Context evaporates. A ChatGPT conversation is linear. Your requirements are in message 3, the constraints you mentioned are in message 7, and the clarification that actually matters is in message 12. The model is stitching together a coherent view of your preferences from scattered fragments across a thread. By message 15, it's lost the nuance of what you said in message 4.

There's no structured output. Ask a chatbot for a recommendation and you get prose. Prose can't be scored. Prose can't be compared side-by-side. Prose can't be fed into a downstream system. You read it, nod, and then manually translate it into a Jira ticket or a Slack message. The decision lives in a chat window nobody will ever reopen.

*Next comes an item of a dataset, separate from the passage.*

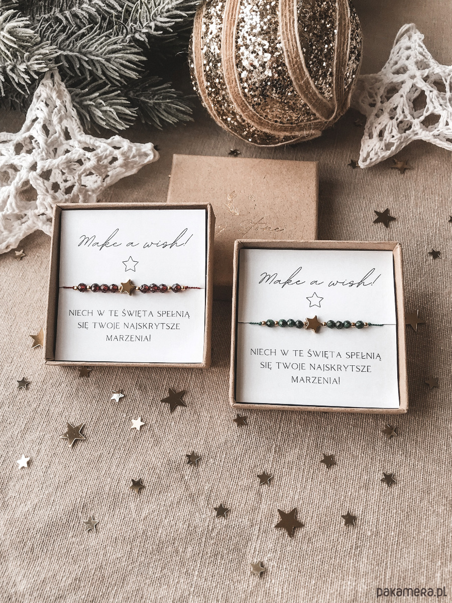 Do bransoletki dołączona jest karteczka z życzeniami świątecznymi widocznymi na zdjęciu.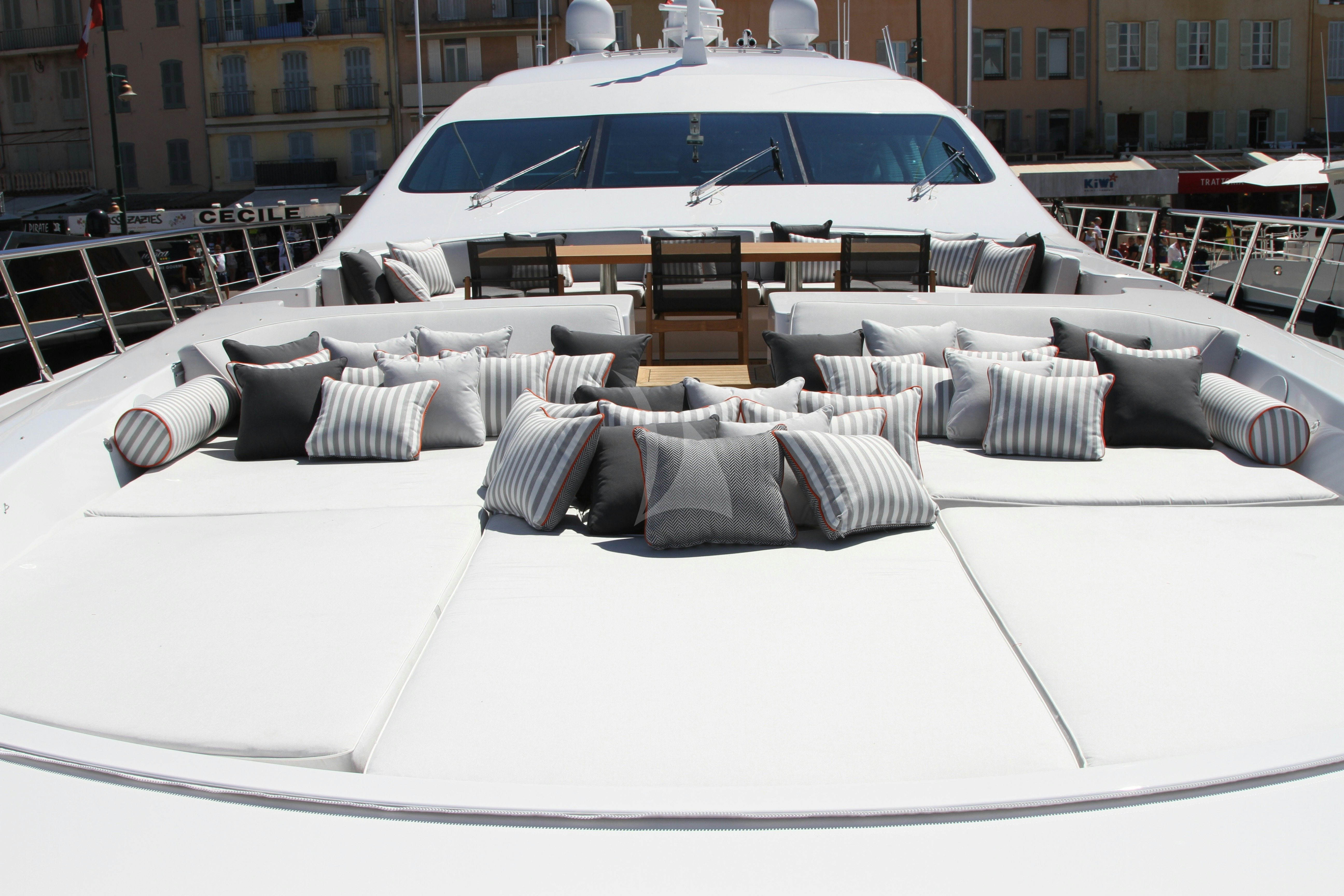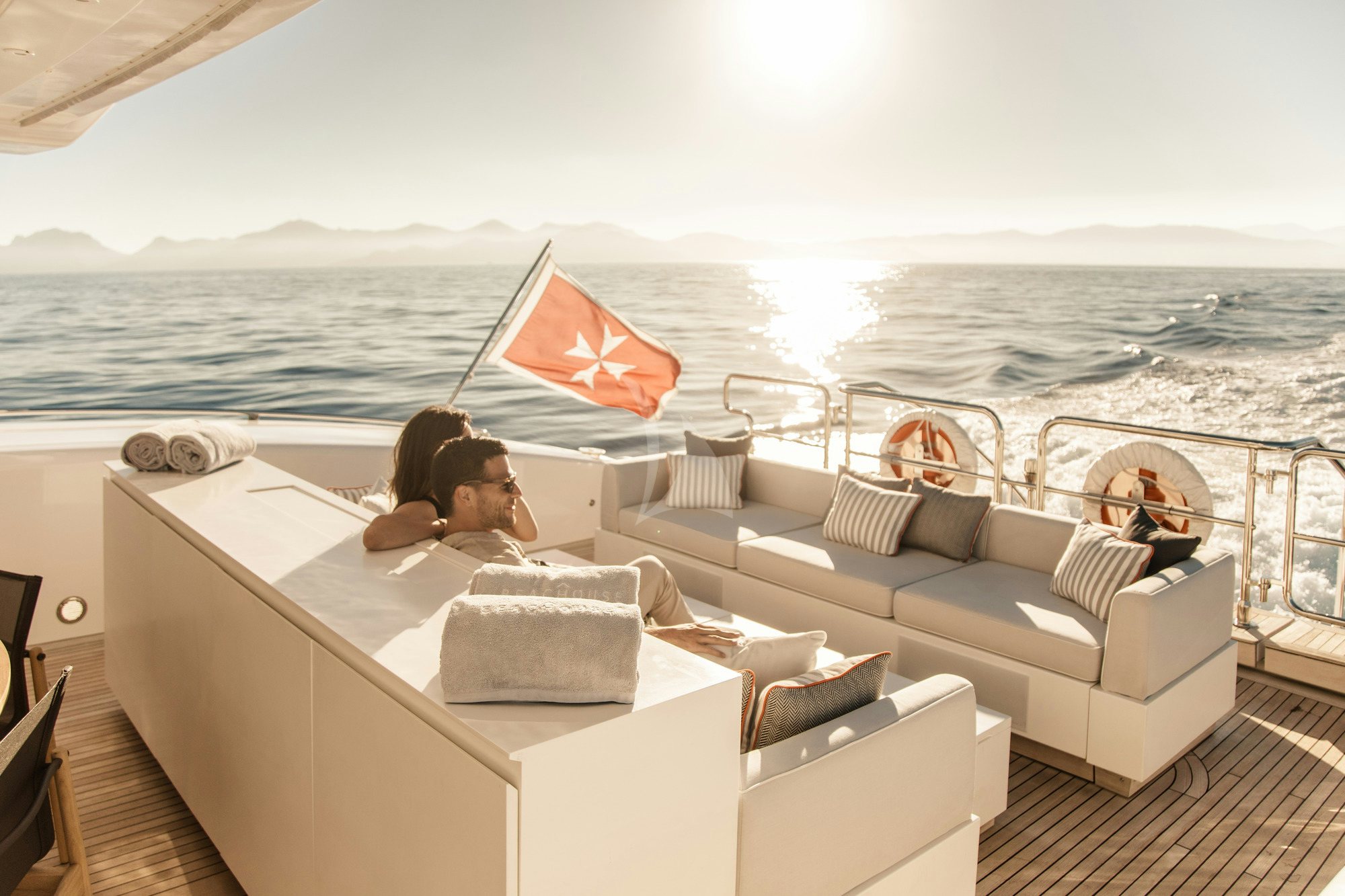 The yacht’s main deck is spacious and well laid out. A neutral color palette provides a comfortable and welcoming atmosphere as sumptuous, chic furnishings and accompaniments create an air of elegance throughout. The main salon has a large, L-shaped sofa where guests can relax and spend quality time together. The formal dining table forward sits under a retractable roof that allows the space to become an indoor/outdoor dining experience.

Comparison is impossible. Try comparing three architecture options in a chat thread. You'll ask for option A, scroll up to remember what option B said about latency, realize you forgot to ask option C about cost, go back and ask, then lose track of which option had better fault tolerance. Chat is sequential. Comparison requires parallel presentation.

These aren't AI limitations. They're format limitations. The model is fine. The interface is wrong.

What decision flow actually is

Decision flow is a three-round structured process that replaces open-ended conversation with constrained, high-signal interactions. Each round narrows the decision space.

Round 1: Preference elicitation. The system learns what you care about through forced binary tradeoffs -- not by asking you to write a paragraph about your requirements.

Round 2: Scored options. The system generates a small number of concrete options, each scored against your revealed preferences. Not a list of everything possible. A curated shortlist ranked by fit.

Round 3: Execution plan. You pick an option. The system generates actionable work items with dependencies, estimates, and assignments. The decision becomes work, not a document.

The whole thing takes 3-5 minutes. Compare that to a 45-minute meeting that ends with "let's think about it more" or a ChatGPT thread that ends with "it depends."

How tinder-style tradeoff cards work

Round 1 is the core innovation. Instead of asking "what are your requirements?" (which produces vague, contradictory wish lists), decision flow presents binary tradeoff cards. Each card forces a choice between two values that are both reasonable but in tension.

A decision about infrastructure tooling might generate these cards:

  • Operational simplicity vs. Maximum throughput
  • Managed service vs. Self-hosted control
  • Team familiarity vs. Best technical fit
  • Lower upfront cost vs. Lower long-term cost
  • Vendor ecosystem vs. Open-source flexibility

Swipe right for the first option, left for the second. No middle ground. No "both." That constraint is the entire point.

Here's why this works better than asking people what they want: people are terrible at articulating priorities in the abstract but excellent at making concrete tradeoffs. Ask an engineering lead "what matters most for your database choice?" and you'll get "performance, reliability, and cost" -- which tells you nothing because everyone wants all three. Show them a card that says "higher throughput" vs. "simpler operations" and they'll pick one in two seconds. That pick reveals actual priority.

Five to seven cards generates a weighted preference vector. The math is simple:

{
  "preferences": {
    "operational_simplicity": 0.82,
    "managed_service": 0.71,
    "team_familiarity": 0.65,
    "lower_upfront_cost": 0.45,
    "vendor_ecosystem": 0.38
  }
}

Each preference gets a weight between 0 and 1 based on how consistently it was chosen when it appeared in tradeoff pairs. If you always picked simplicity over competing values, it scores high. If cost was sometimes sacrificed for other things, it scores lower. This isn't a survey -- it's revealed preference extraction. The same technique behavioral economists use, applied to technical decisions.

Real examples

Architecture decisions

Prompt: "We need to add real-time notifications to our SaaS product. 200k users, 5-person engineering team."

Round 1 tradeoff cards surface that this team values development speed over infrastructure control, prefers WebSocket familiarity over newer protocols, and would rather pay more for a managed service than operate their own.

Round 2 generates three options: Pusher (91% match), Ably (84% match), self-hosted Socket.io on Redis (62% match). The self-hosted option scores low because every card pointed away from operational overhead.

Round 3 for the Pusher pick: set up Pusher account, implement server-side event publishing, add client-side listener library, build notification preferences UI, write integration tests. Five tasks with dependencies and time estimates.

Tool selection

Prompt: "We're choosing a CI/CD platform. Currently on Jenkins, team of 12, mix of Node and Python services."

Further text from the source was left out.